Kubernetes部署Prometheus operator相关推荐

  1. kubernetes部署Prometheus

    文章目录 准备工作 整一个PV来存放TSDB数据 部署Prometheus 准备工作 开始部署Prometheus 部署Grafana 准备工作 开始部署Grafana 部署Ingress,通过Ing ...

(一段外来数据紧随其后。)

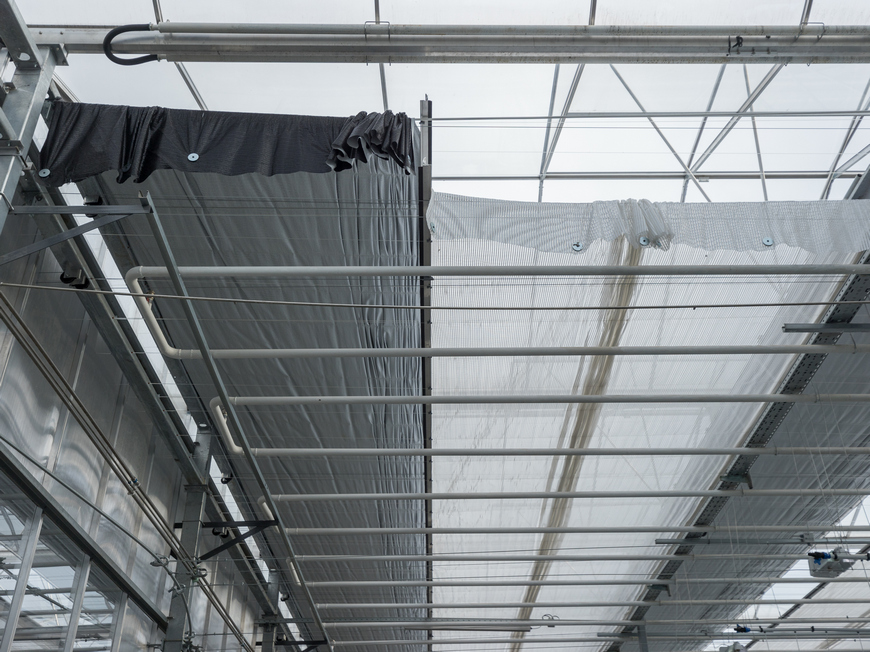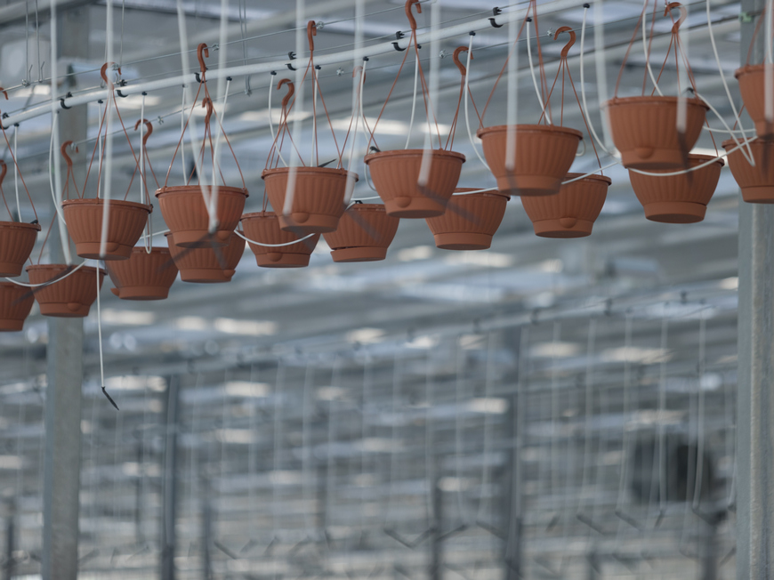 Среди ключевых новшеств - система зашторивания, регулирующая уровень освещения и защищающая растения от прямых солнечных лучей, а жителей по-соседству – от излишнего освещения. Комплекс оснащен шестью различными системами орошения, обеспечивающими многоуровневый полив: это верхний капельный полив для дозированной подачи раствора, капельный полив на столах для тюльпанов, дождевание для рассады, система испарительного увлажнения («туман») для поддержания влажности и снижения температуры, а также основная система «прилив-отлив», которая обеспечивает равномерное питание и многократное использование раствора для однолетних цветов. Также полностью автоматизировано и проветривание.
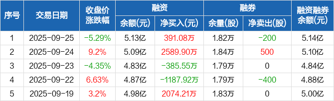莱斯信息:融资余额5.13亿元,创历史新高(09-25)
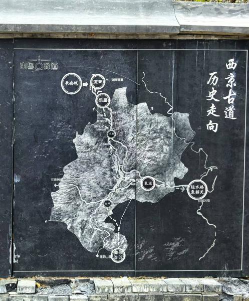 乳源西京古道路出县城南门,经大富桥上腊岭,到小梅关后折而走北,翻越县境西北部的崇山峻岭,到湖南的宜章,北上西京长安。
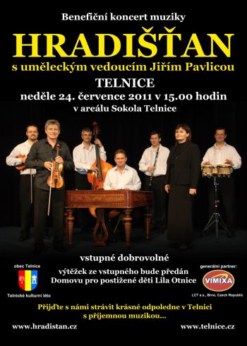 • V rámci Telnického kulturního léta zve obec Telnice na benefiční koncert známé muziky Hradišťan s uměleckým vedoucím Jiřím Pavlicou v areálu telnického Sokola v neděli 24. července od 15 hodin.
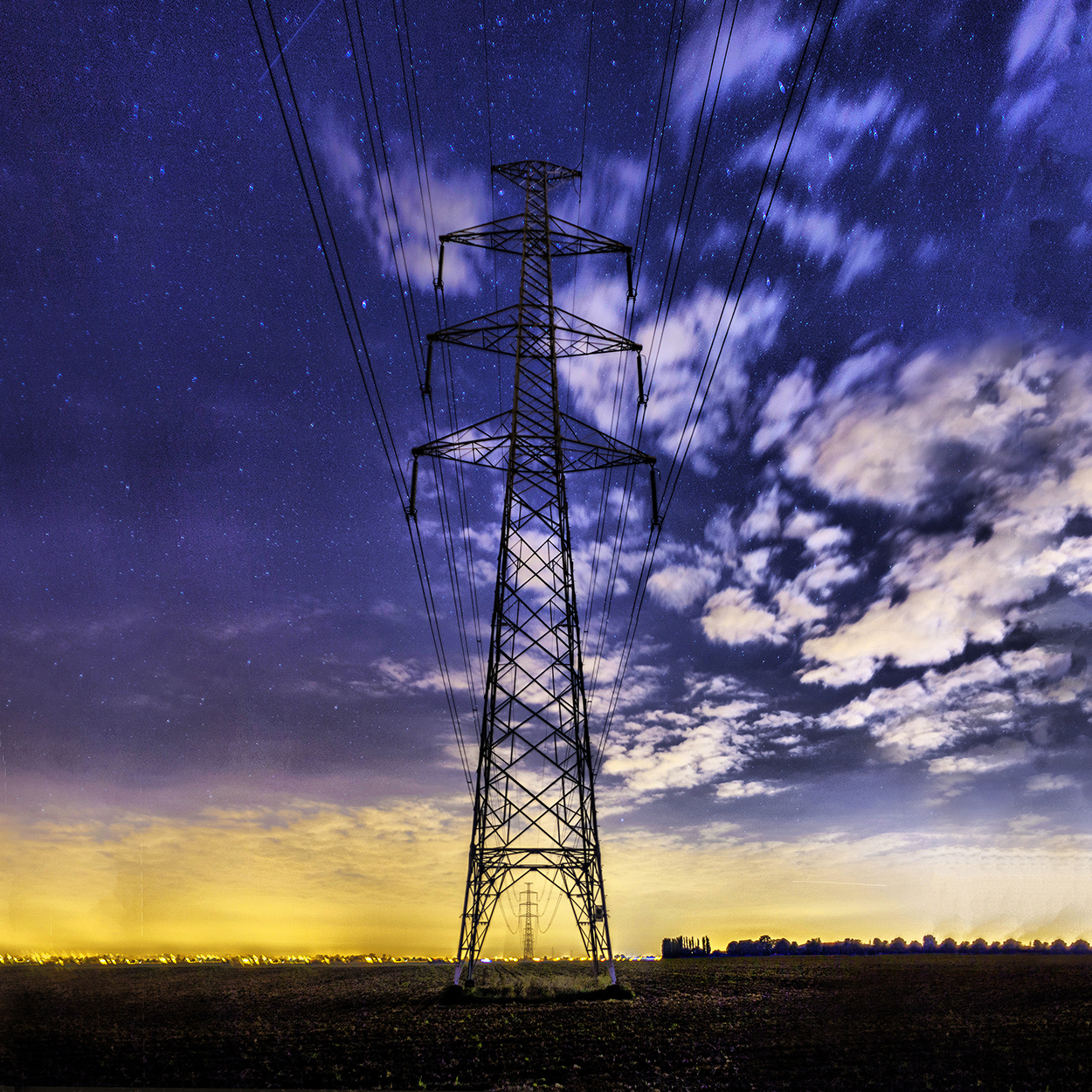 Panorama van 3 foto`s van een hoogspanningsmast ergens in Wallonië. Op zoek naar een locatie zonder lichtvervuiling, maar niet gevonden. Links is de enorme lichtvervuiling van de E40 snelweg naar Brussel te zien, rechts die van de stad Luik.
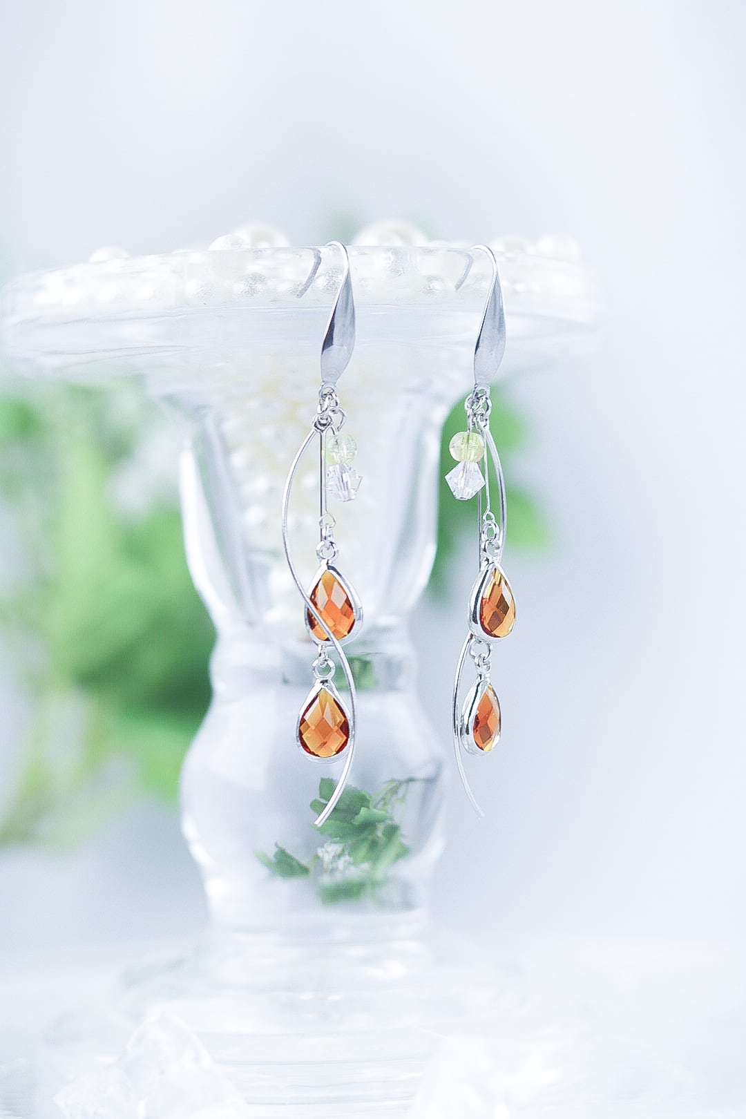 【新色】-月読の雫-『 橙 』 耳飾り 2連リング

  2. Kubernetes更优雅的监控工具Prometheus Operator

    Kubernetes更优雅的监控工具Prometheus Operator [TOC] 1. Kubernetes Operator 介绍 在 Kubernetes 的支持下,管理和伸缩 Web 应用 ...

  3. 在Kubernetes上使用Prometheus Operator监视应用程序

    您可以使Prometheus配置了解您的应用程序在其中运行的Kubernetes环境.在先前的博客文章中 ,我已经描述了如何手动执行该操作. Prometheus Operator是Kubernete ...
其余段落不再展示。